7. Dating of the Commentary on Boethius’s De
ebdomadibus:
The
expression actus essendi appears twice in Aquinas’s commentary
on Boethius’s De Hebdomadibus.
This
work seems to have been composed between 1257 and 1259, during Aquinas’s first regency
in Paris. This is
the opinion of Eleonore Stump who writes: “Aquinas’s commentaries on Boethius’s
De Trinitate (On the Trinity) and De Hebdomadibus (sometimes
referred to as ‘How Substances are Good’) are his other philosophically important
writings from this period of his first regency” (Aquinas [New York: Routledge,
2003], p. 4).
The
Oxford Handbook of Aquinas also situates
the composition of the commentary on Boethius’s De Hebdomadibus around 1257-1259,
the same date that they report for the composition of the commentary on Boethius’s
De Trinitate. (See The Oxford Handbook
of Aquinas, ed. Brian Davies and Eleonore Stump [New York:
Oxford University Press, 2012] 534.)
Brendan
Thomas Sammon places the composition of this commentary on 1258. (See B. T. Sammon,
The God Who Is Beauty [Eugene,
Oregon: Pickwick Publications, 2013]
207.)
Concerning
the dating of Expositio libri Boetii De ebdomadibus, Weisheipl affirms that
this commentary is generally dated in conjunction with the Super Boetium De trinitate
“as being written during the first Parisian regency, 1256-1259” (Weisheipl, Friar
Thomas D’Aquino, 382). Earlier in the book Weisheipl had remarked that in the
catalogues, the In librum Boethii De hebdomadibus “is listed with
In Boethium De trinitate, and many scholars accept the association, dating
both around 1256-1259” (ibid., 138).
Torrell, for his part, seems to agree with this dating
but is inclined to think that the commentary on Boethius’s De Trinitate was
written first.
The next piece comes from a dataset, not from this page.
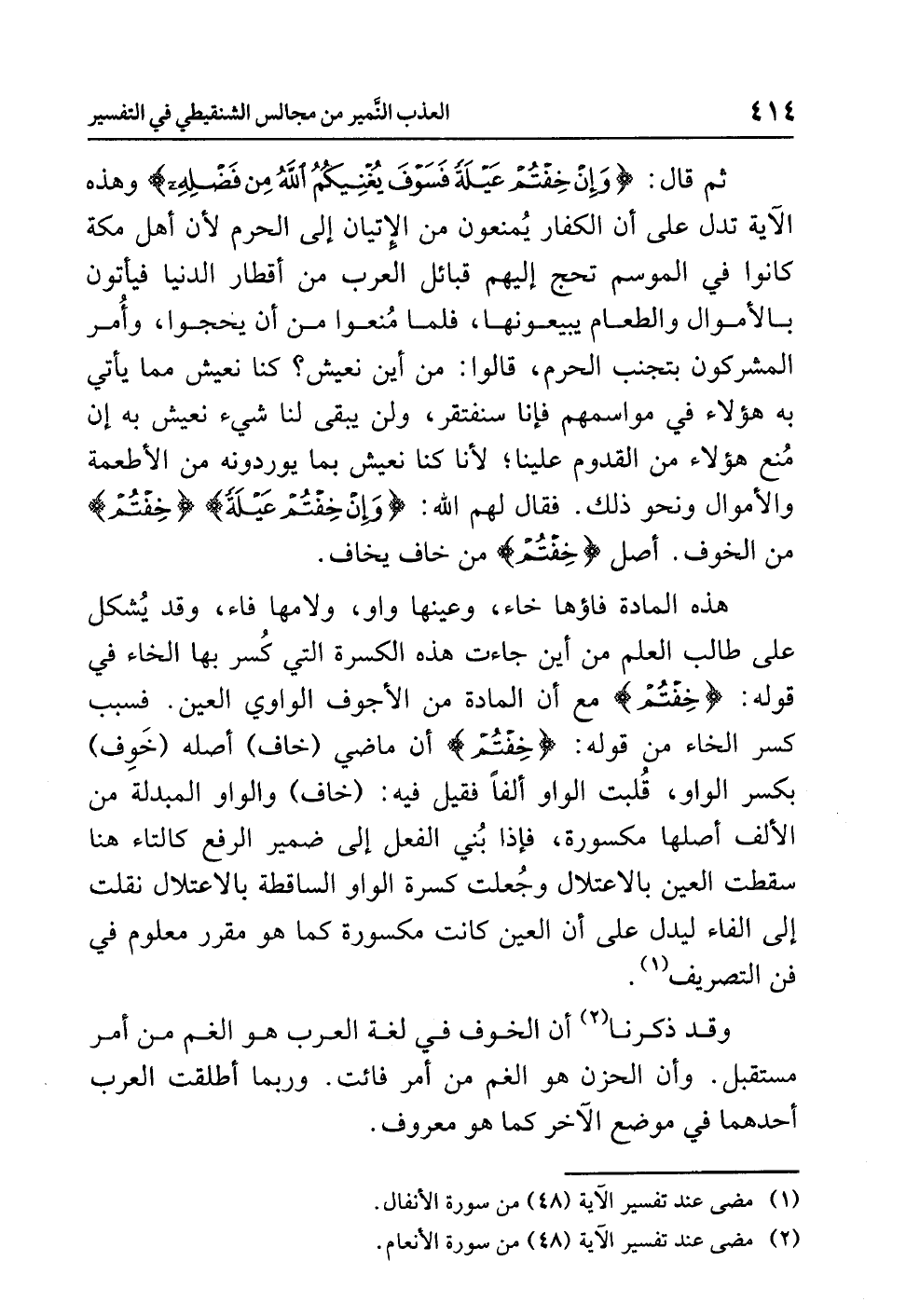ثم قال: {وَإِنْ خِفْتُمْ عَيْلَةً فَسَوْفَ يُغْنِيكُمُ اللَّهُ مِنْ فَضْلِهِ} وهذه الآيةُ تَدُلُّ على أن الكفارَ يُمْنَعُونَ من الإتيانِ إلى الحرمِ لأن أهلَ مكةَ كانوا في الموسمِ تَحُجُّ إليهم قبائلُ العربِ من أقطارِ الدنيا فيأتونَ بالأموالِ والطعامِ يبيعونَها، فَلَمَّا مُنِعُوا من أن يَحُجُّوا، وَأُمِرَ المشركونَ بتجنبِ الحرمِ، قالوا: مِنْ أينَ نعيشُ؟ كنا نعيشُ مما يأتِي به هؤلاء في مواسمِهم فإنا سَنَفْتَقِرُ، ولن يبقَى لنا شيءٌ نعيشُ به إن مُنِعَ هؤلاء من القدومِ علينا؛ لأنا كنا نعيش بما يُورِدُونَهُ من الأطعمةِ والأموالِ ونحوِ ذلك. فقال لهم اللَّهُ: {وَإِنْ خِفْتُمْ عَيْلَةً} {خِفْتُمْ} من الخوفِ. أصلُ {خِفْتُمْ} مِنْ خَافَ يَخَافُ.

Thus Torrell writes: “Historians habitually mention these two works
one after another because of their common subject. In the preface to the Leonine
edition, Father Bataillon thinks instead—given the internal data that reveal differences—that
the Expositio libri Boetii De ebdomadibus is probably later than the Super
Boetium De Trinitate. But without external data that would permit us to situate
it better (through dated sources, for example), Bataillon declares himself unable
to propose a precise date” (Jean-Pierre Torrell, Saint Thomas Aquinas: The Person
and His Work - Volume 1, trans. Robert Royal [Washington, D.C.:
The Catholic University of America Press, 2005], 68). Torrell then concludes that
“The date of this work is doubtless later than that of the other commentary on Boethius,
but the current state of research does not allow us to specify the date further,
nor its circumstances” (Torrell, Saint Thomas Aquinas, 345-346).